┏━━

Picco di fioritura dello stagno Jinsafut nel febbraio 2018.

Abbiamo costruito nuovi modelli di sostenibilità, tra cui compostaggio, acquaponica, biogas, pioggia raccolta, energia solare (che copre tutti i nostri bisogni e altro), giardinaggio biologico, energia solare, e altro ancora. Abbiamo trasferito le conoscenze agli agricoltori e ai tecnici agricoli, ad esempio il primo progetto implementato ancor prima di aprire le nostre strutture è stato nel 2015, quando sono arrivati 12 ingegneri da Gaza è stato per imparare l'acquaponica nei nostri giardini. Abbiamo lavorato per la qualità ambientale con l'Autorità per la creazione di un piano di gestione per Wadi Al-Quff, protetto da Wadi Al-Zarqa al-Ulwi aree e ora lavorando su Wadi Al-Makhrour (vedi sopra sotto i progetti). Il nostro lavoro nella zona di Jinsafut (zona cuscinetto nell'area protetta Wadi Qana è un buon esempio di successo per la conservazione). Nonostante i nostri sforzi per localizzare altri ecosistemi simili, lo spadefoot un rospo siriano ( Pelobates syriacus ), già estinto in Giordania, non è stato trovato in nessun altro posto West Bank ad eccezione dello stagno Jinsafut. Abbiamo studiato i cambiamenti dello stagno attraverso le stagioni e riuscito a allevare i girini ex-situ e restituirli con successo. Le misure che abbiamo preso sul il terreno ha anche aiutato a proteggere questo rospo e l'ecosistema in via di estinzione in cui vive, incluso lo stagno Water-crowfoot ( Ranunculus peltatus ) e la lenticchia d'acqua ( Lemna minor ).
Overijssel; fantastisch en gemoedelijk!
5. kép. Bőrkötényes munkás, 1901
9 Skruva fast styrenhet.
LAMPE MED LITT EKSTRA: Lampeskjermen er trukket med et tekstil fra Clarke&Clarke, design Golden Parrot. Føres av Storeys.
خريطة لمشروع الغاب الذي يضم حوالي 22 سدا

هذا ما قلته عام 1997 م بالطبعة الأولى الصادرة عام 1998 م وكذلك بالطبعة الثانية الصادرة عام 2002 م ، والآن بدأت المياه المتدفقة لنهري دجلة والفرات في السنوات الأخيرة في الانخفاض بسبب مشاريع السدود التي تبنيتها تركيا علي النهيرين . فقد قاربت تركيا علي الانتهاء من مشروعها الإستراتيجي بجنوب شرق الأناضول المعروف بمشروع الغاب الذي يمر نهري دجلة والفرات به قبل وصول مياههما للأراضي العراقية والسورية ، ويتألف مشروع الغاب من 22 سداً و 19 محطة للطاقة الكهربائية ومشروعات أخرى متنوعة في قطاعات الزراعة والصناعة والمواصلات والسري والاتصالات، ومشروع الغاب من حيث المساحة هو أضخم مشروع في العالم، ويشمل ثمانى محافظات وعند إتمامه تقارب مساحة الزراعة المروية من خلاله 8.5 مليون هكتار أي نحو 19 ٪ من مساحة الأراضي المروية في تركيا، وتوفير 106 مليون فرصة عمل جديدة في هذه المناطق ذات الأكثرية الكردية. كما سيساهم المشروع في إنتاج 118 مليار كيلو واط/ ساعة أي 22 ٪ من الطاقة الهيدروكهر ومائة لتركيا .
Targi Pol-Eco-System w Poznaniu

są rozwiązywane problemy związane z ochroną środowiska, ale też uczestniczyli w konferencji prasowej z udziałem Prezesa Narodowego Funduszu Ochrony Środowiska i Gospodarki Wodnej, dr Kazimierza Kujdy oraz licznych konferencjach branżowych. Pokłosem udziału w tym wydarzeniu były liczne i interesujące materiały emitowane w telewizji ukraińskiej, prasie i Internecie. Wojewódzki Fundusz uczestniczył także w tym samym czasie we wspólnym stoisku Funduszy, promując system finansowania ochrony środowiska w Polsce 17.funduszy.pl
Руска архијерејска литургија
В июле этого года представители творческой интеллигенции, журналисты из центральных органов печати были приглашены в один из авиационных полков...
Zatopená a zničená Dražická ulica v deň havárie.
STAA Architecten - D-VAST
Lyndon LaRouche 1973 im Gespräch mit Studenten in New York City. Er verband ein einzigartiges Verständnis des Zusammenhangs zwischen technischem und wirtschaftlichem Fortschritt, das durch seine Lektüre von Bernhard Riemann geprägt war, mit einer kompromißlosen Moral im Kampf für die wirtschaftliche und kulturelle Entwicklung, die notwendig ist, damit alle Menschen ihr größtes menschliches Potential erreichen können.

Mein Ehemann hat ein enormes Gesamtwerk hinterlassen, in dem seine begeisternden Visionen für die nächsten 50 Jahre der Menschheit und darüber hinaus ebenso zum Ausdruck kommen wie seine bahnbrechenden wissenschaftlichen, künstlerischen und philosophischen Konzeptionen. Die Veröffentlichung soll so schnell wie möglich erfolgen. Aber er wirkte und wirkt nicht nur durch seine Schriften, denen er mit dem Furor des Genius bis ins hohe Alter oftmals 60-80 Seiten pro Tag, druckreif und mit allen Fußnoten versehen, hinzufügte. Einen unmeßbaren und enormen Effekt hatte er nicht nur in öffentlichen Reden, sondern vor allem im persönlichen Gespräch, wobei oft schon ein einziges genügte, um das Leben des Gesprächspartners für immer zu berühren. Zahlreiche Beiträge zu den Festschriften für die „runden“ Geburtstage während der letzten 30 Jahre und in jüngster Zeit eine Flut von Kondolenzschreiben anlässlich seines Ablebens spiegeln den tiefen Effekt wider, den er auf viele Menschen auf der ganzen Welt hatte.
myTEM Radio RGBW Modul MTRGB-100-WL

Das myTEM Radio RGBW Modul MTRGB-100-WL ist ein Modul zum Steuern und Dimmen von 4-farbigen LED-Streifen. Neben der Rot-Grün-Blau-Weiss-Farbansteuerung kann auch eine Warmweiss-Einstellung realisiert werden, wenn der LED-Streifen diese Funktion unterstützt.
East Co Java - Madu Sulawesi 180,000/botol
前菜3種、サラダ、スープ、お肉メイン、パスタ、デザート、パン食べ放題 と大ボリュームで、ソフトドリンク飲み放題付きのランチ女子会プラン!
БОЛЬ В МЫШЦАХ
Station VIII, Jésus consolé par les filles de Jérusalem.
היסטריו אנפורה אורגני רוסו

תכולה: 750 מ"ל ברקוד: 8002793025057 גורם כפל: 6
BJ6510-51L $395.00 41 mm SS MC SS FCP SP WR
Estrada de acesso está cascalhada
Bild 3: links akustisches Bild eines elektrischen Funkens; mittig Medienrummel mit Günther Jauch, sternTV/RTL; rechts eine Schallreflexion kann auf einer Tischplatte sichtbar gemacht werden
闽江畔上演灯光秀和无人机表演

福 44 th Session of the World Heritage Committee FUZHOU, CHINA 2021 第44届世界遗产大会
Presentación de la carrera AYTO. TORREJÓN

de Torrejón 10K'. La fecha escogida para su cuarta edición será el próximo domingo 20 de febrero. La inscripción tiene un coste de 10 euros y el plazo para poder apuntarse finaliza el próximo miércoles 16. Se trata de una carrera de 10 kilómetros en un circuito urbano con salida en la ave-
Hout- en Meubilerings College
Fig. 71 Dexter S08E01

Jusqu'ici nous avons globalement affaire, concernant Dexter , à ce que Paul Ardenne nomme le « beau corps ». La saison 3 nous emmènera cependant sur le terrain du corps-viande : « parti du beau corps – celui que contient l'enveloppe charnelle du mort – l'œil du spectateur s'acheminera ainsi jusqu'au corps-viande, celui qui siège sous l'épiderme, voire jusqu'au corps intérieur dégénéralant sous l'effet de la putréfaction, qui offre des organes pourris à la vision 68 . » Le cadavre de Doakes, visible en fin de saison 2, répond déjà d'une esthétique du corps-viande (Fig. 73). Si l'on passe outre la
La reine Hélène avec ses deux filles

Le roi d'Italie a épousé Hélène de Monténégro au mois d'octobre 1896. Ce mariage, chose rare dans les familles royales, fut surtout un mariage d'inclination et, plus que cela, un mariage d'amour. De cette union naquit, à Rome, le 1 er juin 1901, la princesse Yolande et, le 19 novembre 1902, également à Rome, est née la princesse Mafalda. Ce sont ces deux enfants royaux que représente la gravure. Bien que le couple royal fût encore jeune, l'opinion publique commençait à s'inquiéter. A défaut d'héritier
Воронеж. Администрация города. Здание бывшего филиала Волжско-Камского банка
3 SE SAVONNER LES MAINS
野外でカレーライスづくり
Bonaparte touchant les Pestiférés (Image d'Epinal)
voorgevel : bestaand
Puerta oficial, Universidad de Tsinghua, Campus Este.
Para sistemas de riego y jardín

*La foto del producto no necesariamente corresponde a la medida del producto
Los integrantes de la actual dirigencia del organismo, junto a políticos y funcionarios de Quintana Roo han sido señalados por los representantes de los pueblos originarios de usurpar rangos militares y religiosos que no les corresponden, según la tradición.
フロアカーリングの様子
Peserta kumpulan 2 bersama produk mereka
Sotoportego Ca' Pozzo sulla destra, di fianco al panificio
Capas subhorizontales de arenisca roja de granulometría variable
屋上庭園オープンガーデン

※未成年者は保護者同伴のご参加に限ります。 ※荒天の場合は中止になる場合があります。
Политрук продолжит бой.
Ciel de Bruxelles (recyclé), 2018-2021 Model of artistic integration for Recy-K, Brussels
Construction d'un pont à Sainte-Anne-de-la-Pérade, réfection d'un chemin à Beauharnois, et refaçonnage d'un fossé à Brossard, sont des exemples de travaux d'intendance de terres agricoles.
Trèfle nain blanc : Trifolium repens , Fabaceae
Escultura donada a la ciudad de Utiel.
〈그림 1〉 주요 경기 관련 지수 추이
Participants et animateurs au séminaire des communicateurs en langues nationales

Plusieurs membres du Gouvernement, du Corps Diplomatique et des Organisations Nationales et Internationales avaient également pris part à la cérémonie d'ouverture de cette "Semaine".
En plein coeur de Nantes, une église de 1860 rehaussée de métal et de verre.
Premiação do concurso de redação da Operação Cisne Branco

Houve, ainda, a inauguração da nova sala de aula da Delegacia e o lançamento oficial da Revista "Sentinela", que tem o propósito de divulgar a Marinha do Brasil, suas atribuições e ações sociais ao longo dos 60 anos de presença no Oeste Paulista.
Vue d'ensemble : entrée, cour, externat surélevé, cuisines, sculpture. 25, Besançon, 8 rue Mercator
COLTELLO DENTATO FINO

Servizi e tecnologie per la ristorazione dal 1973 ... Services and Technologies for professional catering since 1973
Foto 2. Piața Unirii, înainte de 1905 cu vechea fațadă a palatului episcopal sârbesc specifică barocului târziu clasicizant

┗━━

For every line of the records above that holds the word "الغاب", count one, and state the total only.

2